Heute: Umbauarbeiten seit 300 Jahren!
Liebe Mitflaneure!
Wenn man Ihren Flaneur fragt, wo in Berlin er seiner Lieblingsbeschäftigung am einfachsten nachgehen kann, muss er nicht lange nachdenken. Sondern wird gleich und mit voller Überzeugung sagen: „Am Potsdamer Platz!“
Anfang des 18. Jahrhunderts lag der Potsdamer Platz unmittelbar vor der damaligen Stadtmauer und wurde schnell zum Verkehrsknotenpunkt, der Ostpreußen mit dem Rheinland verband.
Um 1900 wurde die Polizei hier mit den ersten Verkehrsstaus konfrontiert. 1902 konnte man erstmals in eine U-Bahn steigen, und ab 1924 stand hier eine Verkehrsampel.
Es mussten allerdings noch zwei Weltkriege und der Bau einer Mauer überstanden werden, bis Ihr Flaneur den Potsdamer Platz erstmalig betrat. Das geschah Mitte der 1980er Jahre. Im Januar 1987 bezog er eine Wohnung im „Bellevue Tower“, dem vielleicht hässlichsten Gebäude, das in der Stadt jemals errichtet wurde. Knapp 30 Quadratmeter pro Wohneinheit, besiedelt von wimmelnden Kakerlaken und ungefähr 100 Meter von der Mauer entfernt.
Die fiel 1989. Plötzlich hatte Ihr Flaneur freie Sicht auf Weltgeschichte, die direkt vor seinem Fenster geschah. Ein halbes Jahr lang war keine Banane zu bekommen. Dafür hatte man vom Dach aus freie Sicht auf die Wiederaufführung von Pink Floyds „The Wall“. Und Anja war zu Gast. Und Tanja. Und Iris. Keiner kam vor vier Uhr morgens ins Bett. Alles schien möglich in dieser Zeit. Außer Bananen zu bekommen natürlich. Der Platz wurde zur hässlichen Brache. Ihr Flaneur mietete für 60 Mark pro Monat eine Wohnung im Prenzlauer Berg. Wie eigentlich alle damals.

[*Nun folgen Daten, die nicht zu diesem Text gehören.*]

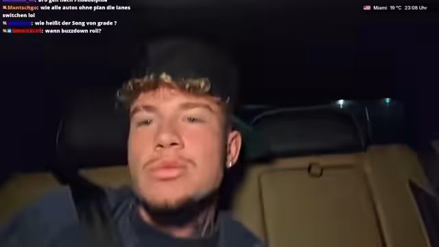 00:03:20Nachdem das Handy auf 9% und immer noch am Laden ist, wird beschlossen, die Mikrofone vorläufig abzuschalten. Der Streamer hält die Kamera weiterhin in Selbstie-Perspektive, um das Event einzufangen. Mit bis zu 12.000 Zuschauern im Chat bemerkt der Streamer ein großes Publikum. Er bittet den Chat um Ratschläge, ob das Licht angeschaltet werden soll, und entscheidet sich dagegen, da die bessere Videobildqualität mit Licht nicht dem gewünschten Look entspricht. Währenddessen unterhält er sich mit Passanten auf der Straße, lernt neue Leute wie Tony und einen Deutschen namens Big B aus Köln kennen, der auch Tattoos hat. Der Streamer erweitert so seine Reichweite und interagiert live mit der Umgebung.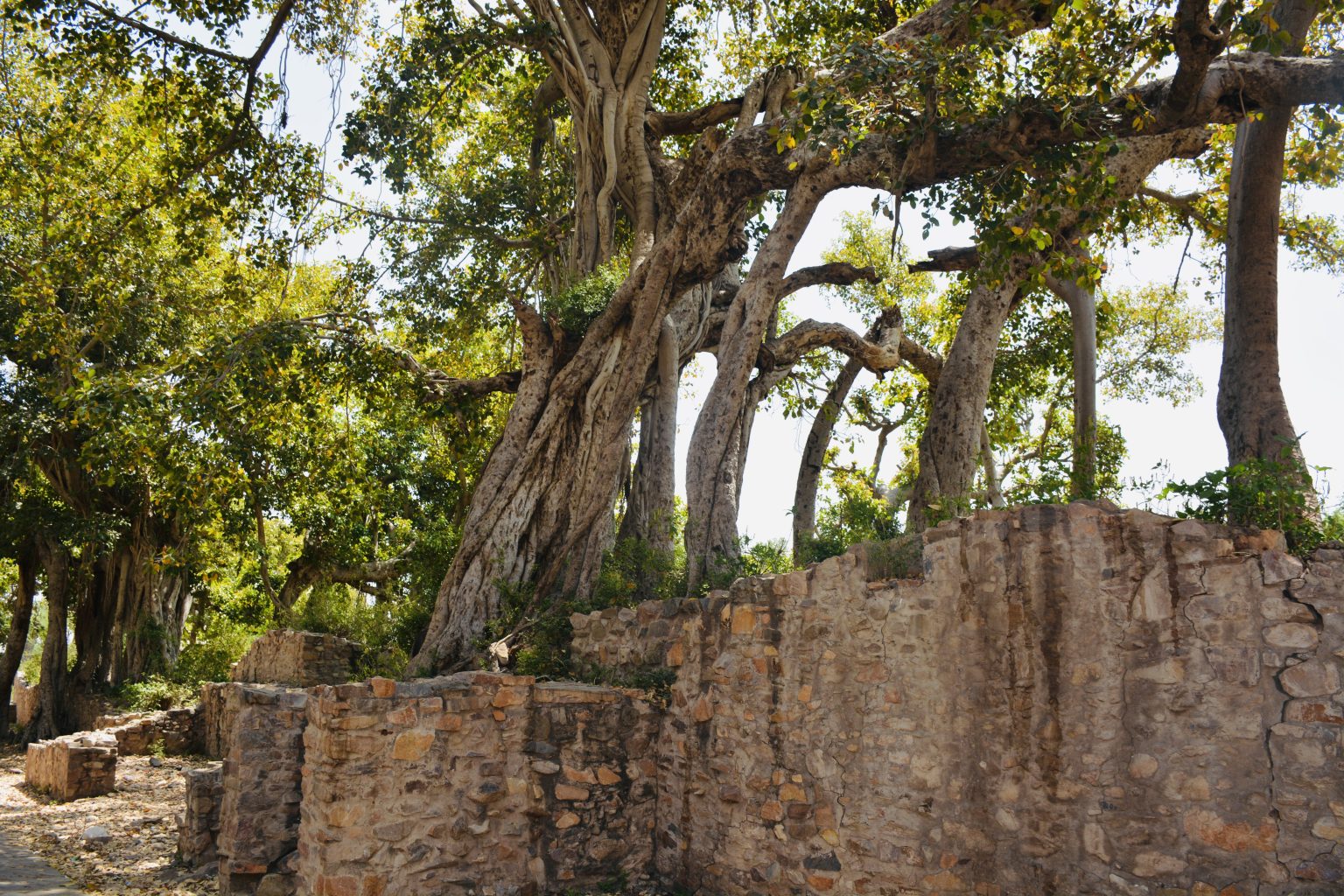 Alternative Text: A massive twisted Ficus benghalensis tree beside the ancient ruins of Bhangarh Fort, Rajasthan, contrasts nature and history.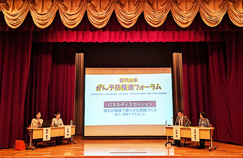 能代山本地区のがん検診の現状について岩倉助教が、個人の行動変容と健康管理について鄭助教が、パネルディスカッションで野村教授が登壇しました。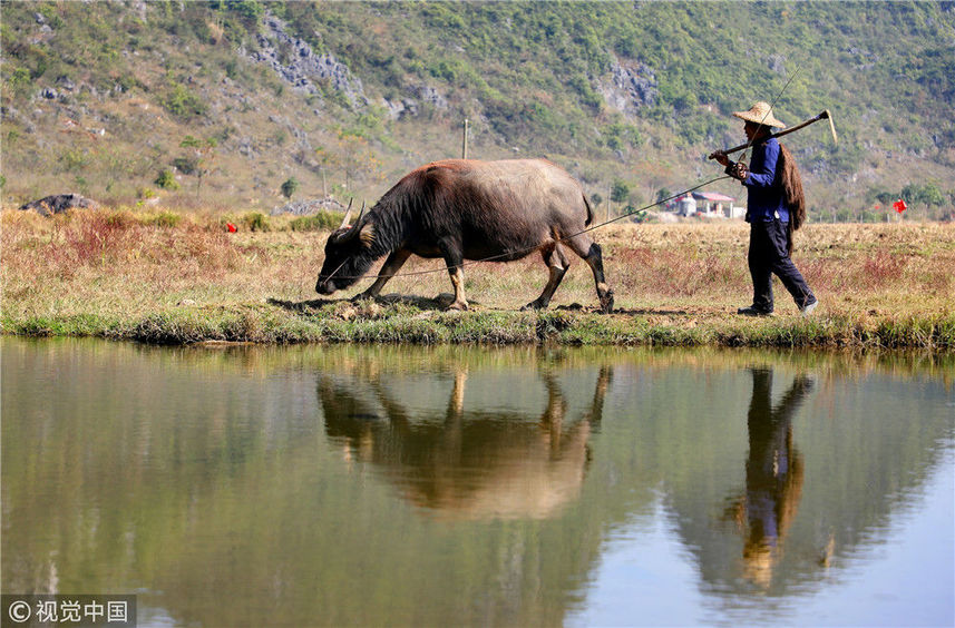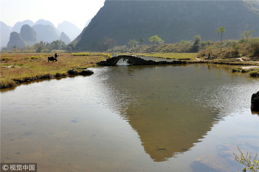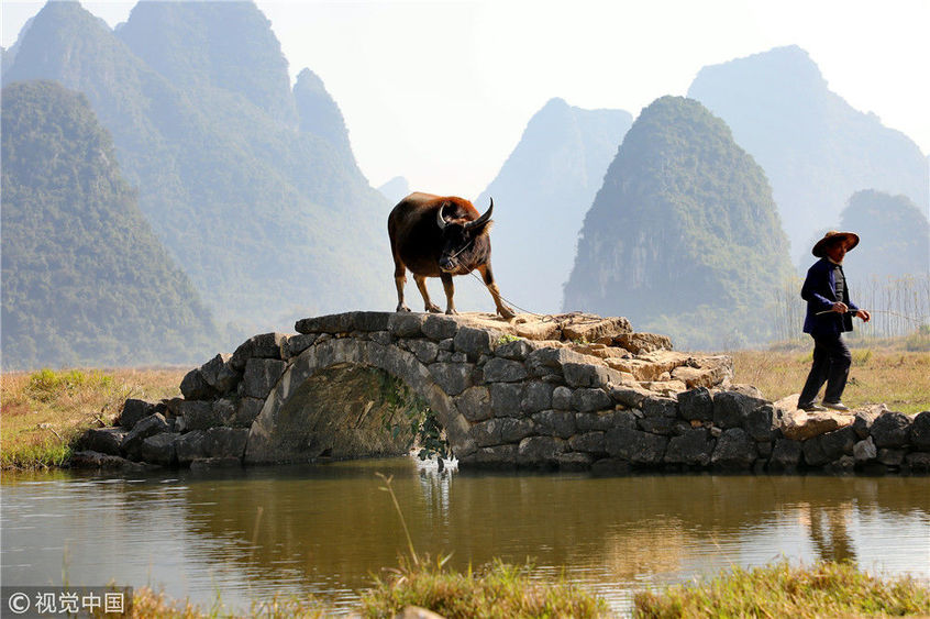 12月17日,在廣西桂林的臨桂區(qū)田心村這座叫做狀元橋的小橋上,剛吃過(guò)午飯,老許和他的水牛搭檔又要開(kāi)始一場(chǎng)生態(tài)演出了。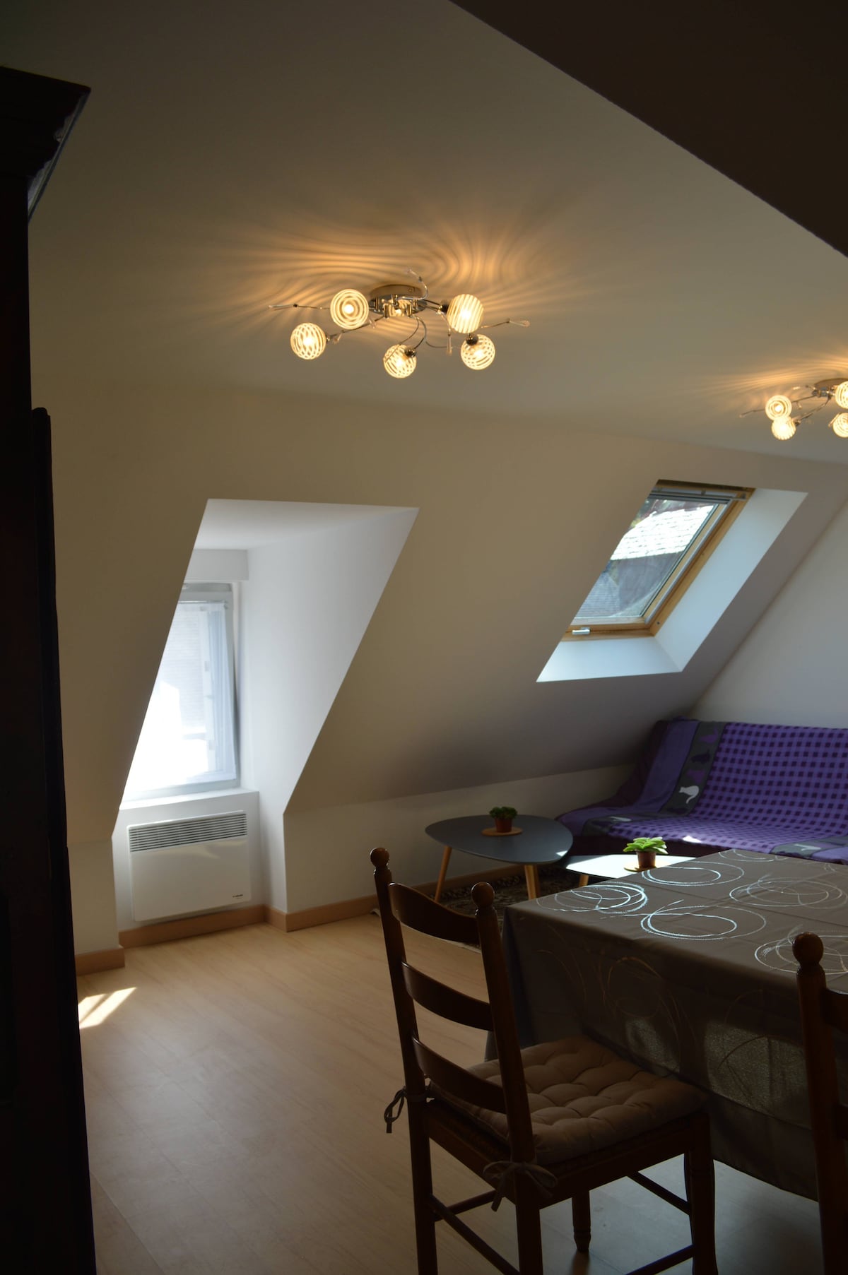 A Pont - Aven ville de renom , citée des peintres et de tant d ' autres choses , l ' appartement Ty Feunten vous accueillera en centre ville ,proches de tous commerces . Cet appartement ,au charme mansardé , situé au second étage d ' une maison individuelle , deviendra votre port d ' attache pour découvrir notre charmante cité ( le port , les rives de l' Aven , les galeries de peintures , le musée refait à neuf , toutes les boutiques vendant les produits régionaux ) et visiter notre belle région

Der Potsdamer Platz wurde von Investoren an sich gerissen, die Ihr Flaneur für unheilbar böse hielt. Auch diese Meinung hatte damals jeder. Wenn er mit Ihrem Berichterstatter befreundet war.
In letzter Zeit geschieht nun etwas völlig Unglaubliches: Der Potsdamer Platz scheint eine Gestalt angenommen zu haben, die seine Planer in den vergangenen Jahrzehnten vor Augen hatten. Marlene-Dietrich-Platz, Atrium Tower, sogar das Sony Center wirkt mit seiner Überdachung und den sich aneinander reihenden Großkinos geradezu harmonisch.
Harmonie? In der Innenstadt von Berlin? Ihr Flaneur kann es noch gar nicht glauben. Aber dieses Kunststück scheint Kreise zu ziehen. Der sich direkt anschließende Leipziger Platz wurde mittlerweile mit viel Geld und konkreten Plänen umgebaut. Und wieder scheint es zu gelingen.
Verwirrt beschließt der Flaneur, sich ein Känguru-Steak zu genehmigen. Vielleicht wird er sogar Anja anrufen und dazu einladen. Oder Tanja. Oder Iris? Es scheint wieder vieles möglich zu sein in Berlin.